Pediatric Esophageal Perforation

  • Etiology: placement of a nasogastric tube, forceful vomiting or retching (Boerhaave syndrome), blunt trauma against closed glottis or AP compression of the chest
  • CXR: pneumomediastinum, pneumopericardium, pneumothorax, hydropneumothorax, subcutaneous emphysema, mediastinitis
  • Note: a nasogastric tube that is too straight after placement and that does not gently curve into the stomach should be suspected of not being in the stomach
  • UGI: contrast outside of esophagus
  • Complications: mediastinitis
  • Treatment: often conservative
  • Clinical: can be devastating if not recognized

Radiology Cases of Esophageal Perforation

Radiology Cases of Esophageal Perforation Due to Nasogastric Tube

CXR of esophageal perforation from nasogastric tube placement
CXR AP shows air outlining the heart in the pericardial space, air outlining the thymus in the mediastinum, and air in the bilateral pleural spaces.
AXR of esophageal perforation from nasogastric tube placement
Supine AXR (above) shows increased lucency in the upper abdomen.
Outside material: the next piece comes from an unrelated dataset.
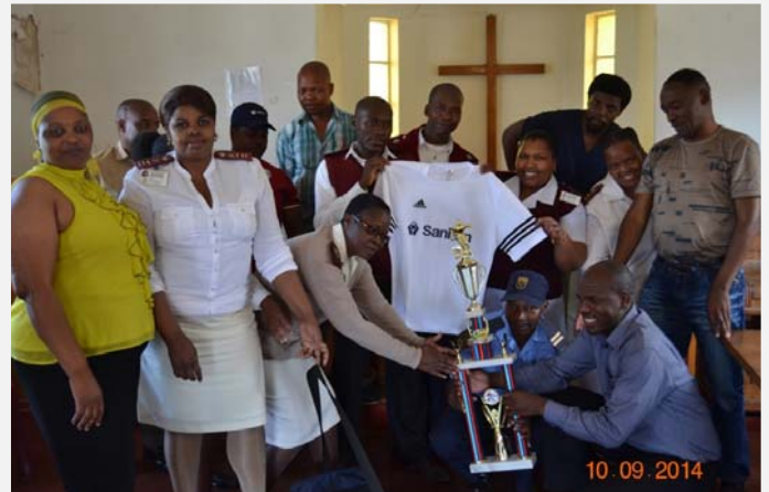
Sport committee handing over the trophy to hospital management

Ekombe Hospital soccer won all the games till they reached the final where they were crowned champions after beating Eshowe Hospital. Our netball team came second place after they were beaten by Eshowe Hospital in the final. Ekombe sport committee would like to thank the management for the support and the district office for planning the wellness day.

The cross-table lateral AXR (below) shows air between the anterior abdominal wall and the bowel. The nasogastric tube follows a very straight course and does not curve towards the stomach. Note on both views that the tip of the nasogastric tube does not project over the stomach. US performed subsequently showed the tip of the nasogastric tube was in the retroperitoneum and not in the stomach.

Radiology Cases of Esophageal Perforation Due to Blunt Trauma

CT and UGI of esophageal perforation
Sagittal CT without contrast of the neck (left) shows pneumomediastinum anterior to the spine. Lateral image from an esophagram (right) shows contrast extravasating outside the esophagus at the level of C4.